I absolutely adore the Bongo

I want a 5-string fretless Bongo soooo bad


----------



## darren (Apr 1, 2007)

Fretless Stingray 5 FTW.


----------



## Scott (Apr 2, 2007)




----------



## darren (Apr 2, 2007)




----------



## All_¥our_Bass (Apr 2, 2007)

I like the way the all-black bongos look. I like all of them, but the black ones just look "best" to me. They are nice basses.


----------



## Scott (Apr 2, 2007)

I will never buy another black guitar.


----------



## Drew (Apr 2, 2007)

I actually dig the look of those Bongos, Scott, particularly the tiny Egyptian Smoke one - is it a EBMM model, or is it sort of a lower-end version akin to the OLP's or a Squier or something?


----------



## Scott (Apr 2, 2007)

It's EBMM. I dont think there is a lower end version of the Bongo.

But this just popped up on ebay yesterday. So.....


----------



## Chris (Apr 2, 2007)

Shannon said:


> Bongo bad.
> Stingray good.


----------



## darren (Apr 2, 2007)

The matte black "stealth" bongos do look cool. The Bongo looks kinda goofy in pics, but it's pretty cool in real life. Did you guys know that it was designed in collaboration with BMW?


----------



## Scott (Apr 2, 2007)




----------



## darren (Apr 2, 2007)

http://www.ernieball.com/news/91/


----------



## Lozek (Apr 4, 2007)

My old bass player







It's even the right (wrong) way round for you, Scottula


----------



## Drew (Apr 4, 2007)

Scott said:


>



I know why that look so familiar - dude from Porcupine Tree plays one.


----------



## TomAwesome (Apr 5, 2007)

Drew said:


> I know why that look so familiar - dude from Porcupine Tree plays one.

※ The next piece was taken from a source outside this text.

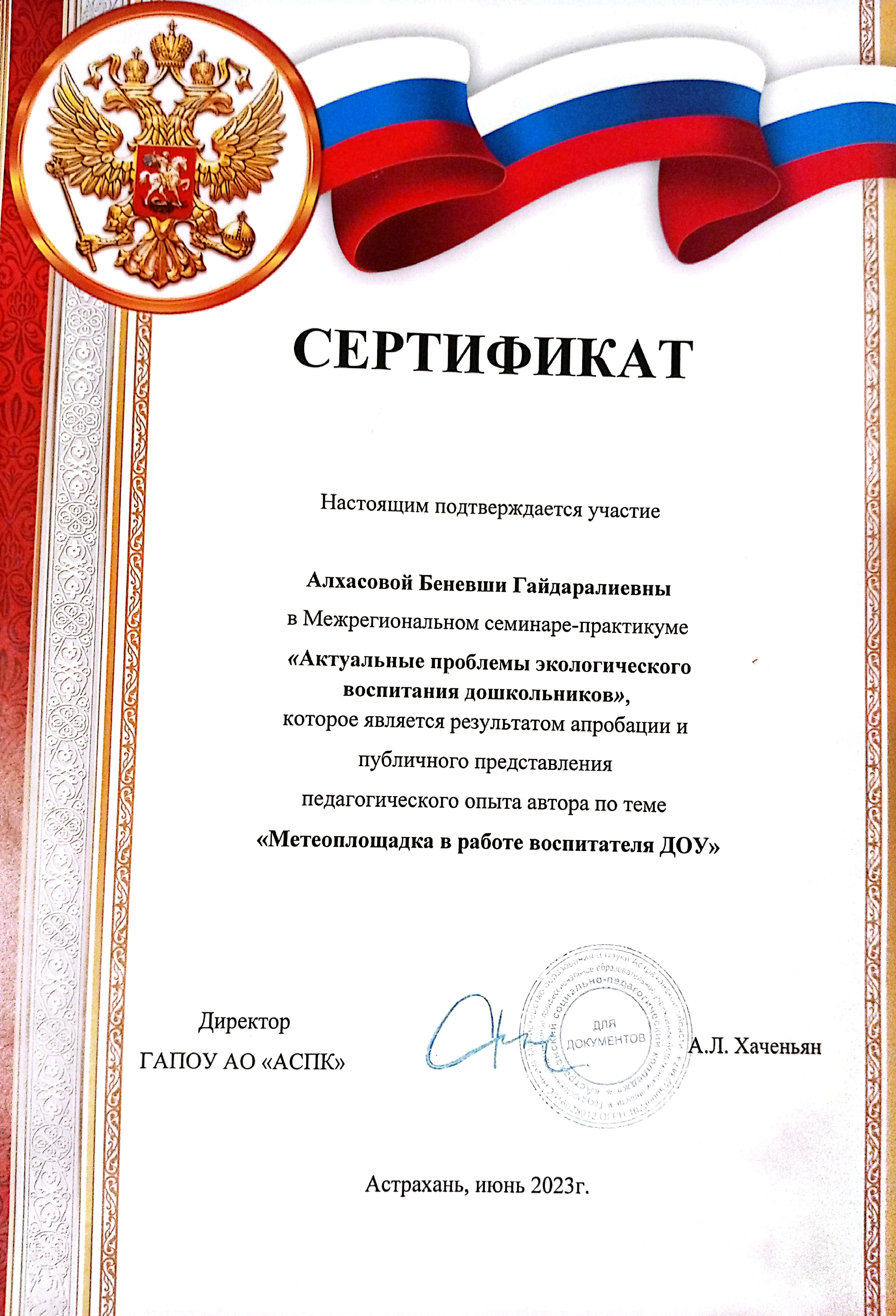 Сертификат об участии в Межрегиональном семинаре-практикуме "Актуальные проблемы экологического воспитания дошкольников"

Is that so? I guess the Bongo now rocks just a little harder in my mind then  Of course I read this reply half way through listening to Signify


----------



## Metal Ken (Apr 5, 2007)

All i know is "Bongo Itch" sounds like an exotic STD.


----------



## Scott (Apr 5, 2007)

^That's what I meant. I was just trying to break the tension with a bunch of nice basses. What the hell is a 'Bongo Bass'?


----------



## Drew (Apr 5, 2007)

Scott said:


> ^That's what I meant. I was just trying to break the tension with a bunch of nice basses. What the hell is a 'Bongo Bass'?



If Porcupine Tree uses it, then it must be good.


----------



## Jeff (Apr 5, 2007)

Drew said:


> If Porcupine Tree uses it, then it must be good.



Yeah, that dude's tone is killer on the Chicago DVD.


----------



## Drew (Apr 5, 2007)

How much do those suckers go for, as a 5-string?


----------



## Scott (Apr 29, 2007)

Bongo 6 string in the works. John Myung used a Bongo 5 for some or the songs on Systematic Chaos. Rumored that he is moving to EBMM with this bass.


----------



## darren (Apr 29, 2007)

Whoa. And those pics come from a legit source, too! That would be EB's first 6-string bass. I think a 6-string StingRay would make me wet my pants.


----------